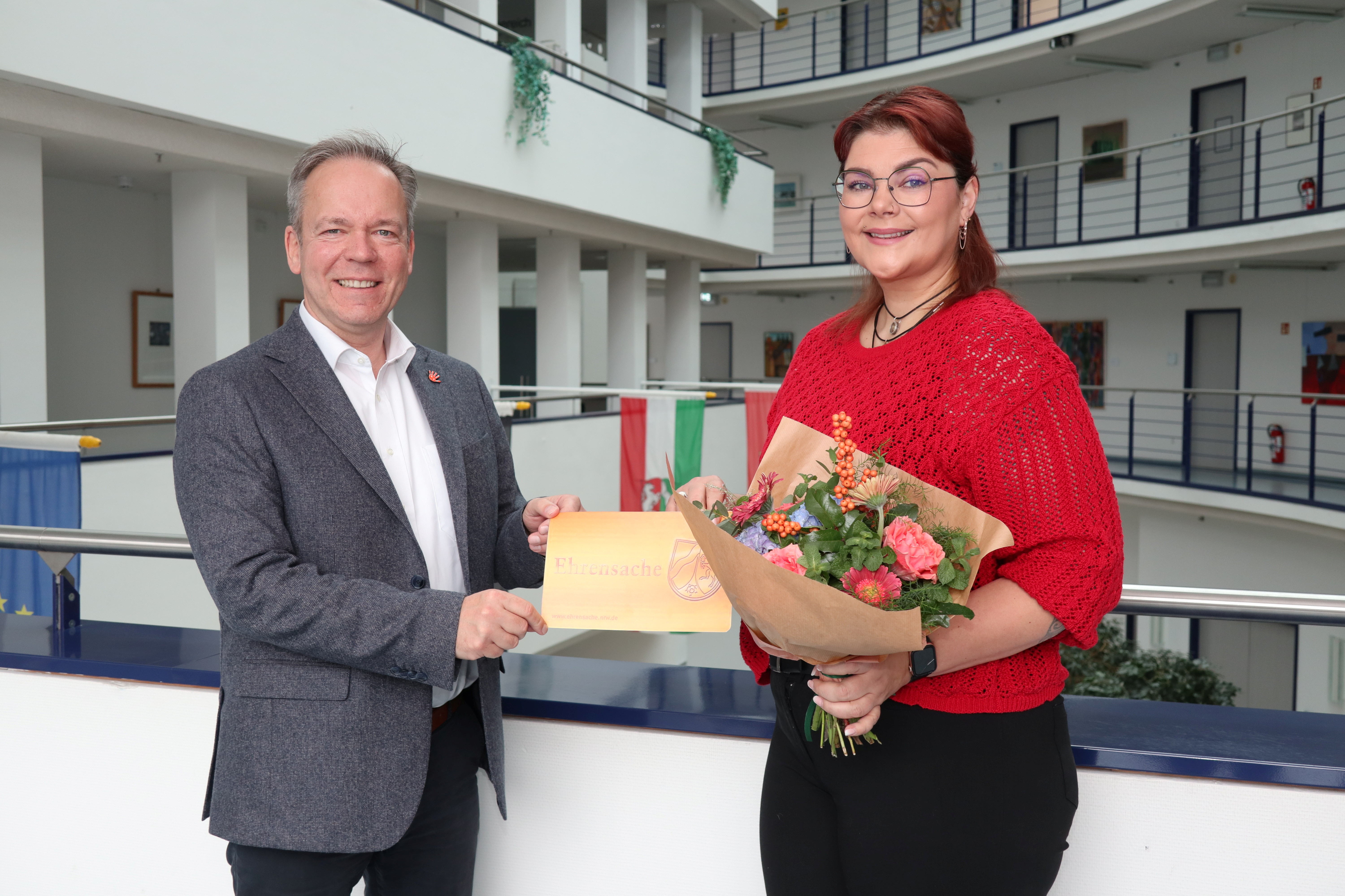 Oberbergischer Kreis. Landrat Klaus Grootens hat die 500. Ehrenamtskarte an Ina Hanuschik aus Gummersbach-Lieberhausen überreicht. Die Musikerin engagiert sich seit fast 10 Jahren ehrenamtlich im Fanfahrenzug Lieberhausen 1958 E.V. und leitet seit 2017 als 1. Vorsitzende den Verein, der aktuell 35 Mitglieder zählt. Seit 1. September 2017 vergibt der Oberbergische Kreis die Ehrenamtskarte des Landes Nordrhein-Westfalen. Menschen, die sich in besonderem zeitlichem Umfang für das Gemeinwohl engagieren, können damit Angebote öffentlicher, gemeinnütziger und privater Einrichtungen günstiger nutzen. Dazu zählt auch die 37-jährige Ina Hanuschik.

---

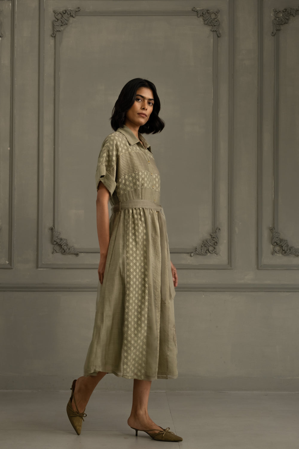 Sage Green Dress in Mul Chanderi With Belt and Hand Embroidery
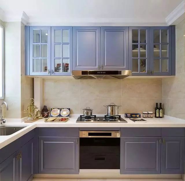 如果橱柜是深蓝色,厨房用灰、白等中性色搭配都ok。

ACTION ITEM:
Start at the line above containing "Sage Green Dress" and stop at the line containing "如果橱柜是深蓝色,厨房用灰、白等中性色搭配都ok。": print those lines and everything between them exactly, but not the pictures.

REPLY:
 Sage Green Dress in Mul Chanderi With Belt and Hand Embroidery
 如果橱柜是深蓝色,厨房用灰、白等中性色搭配都ok。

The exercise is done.